Ia menjelaskan perbedaan mengolah sagu yang menggunakan alat mekanik hanyalah mesin pemarut dan gergaji mesin. Mesin tersebut menggantikan proses lama yakni memukul sagu untuk mendapatkan serat dari mot (batang pecahan).
Selebihnya masih tradisional. Begitu batang pohon sagu ditebang dari hutan dan dipotong menjadi mot, langsung dialirkan ke sungai menuju tempat pemarutan di bagian hilir. Tempat itu bernama Walang Goti yang biasanya ada 4-5 pekerja. Di tempat itu mot dipecah lebih kecil sehingga mudah untuk diparut, kemudian melalui proses penyaringan yang disebut Sahani.
Sahani dilakukan secara manual yakni menyaring serbuk sagu dengan kain di air mengalir. Hasilnya sagu berwarna putih akan mengendap di dasar wadah penampung yang didesain seperti cetakan berukuran panjang. Hasil penyaringan itu disebut sagu tumang.

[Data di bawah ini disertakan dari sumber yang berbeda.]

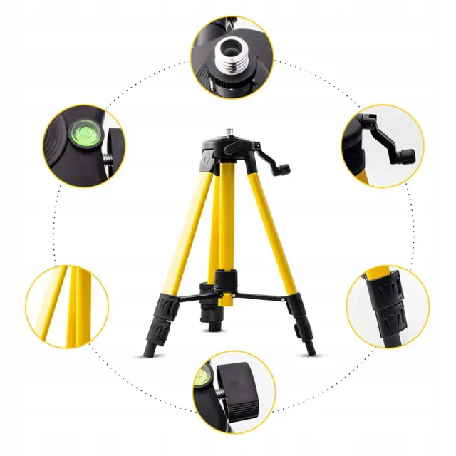 Izboljšajte natančnost in stabilnost svojega dela s univerzalnim kovinskim stativom za laserske nivelirje, ki se prilagodi na višino do 120 cm. Stativ je izdelan iz trpežnega kovinskega materiala, ki zagotavlja dolgo življenjsko dobo in stabilnost v vseh pogojih. Primeren je za širok spekter laserskih nivelirjev in merilnih naprav, saj ima standardno 1/4-palčno navojno odprtino, ki omogoča enostavno in hitro namestitev ter združljivost s številnimi napravami.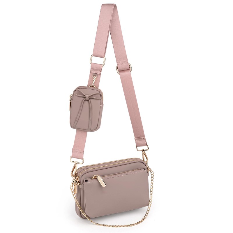 UTO Women's 3-in-1 Crossbody Bag, Wide Strap with Coin Bag, Handbag with Removable Chain, Shoulder Bag with Removable Adjustable Shoulder Strap, Small Bag, Leather, Stylish, 1296 Pink, Deconstructed

Menurut dia, permintaan sagu dari Desa Tulehu masih tetap stabil dan tidak terpengaruh Pemberlakuan Pembatasan Kegiatan Masyarakat (PPKM) yang saat ini masih berlangsung di sebagian besar wilayah Provinsi Maluku.
“Tidak terpengaruh PPKM, pesanan sagu tetap saja ada karena sagu sudah jadi seperti makanan utama bagi sebagian besar warga,” kata Fadli.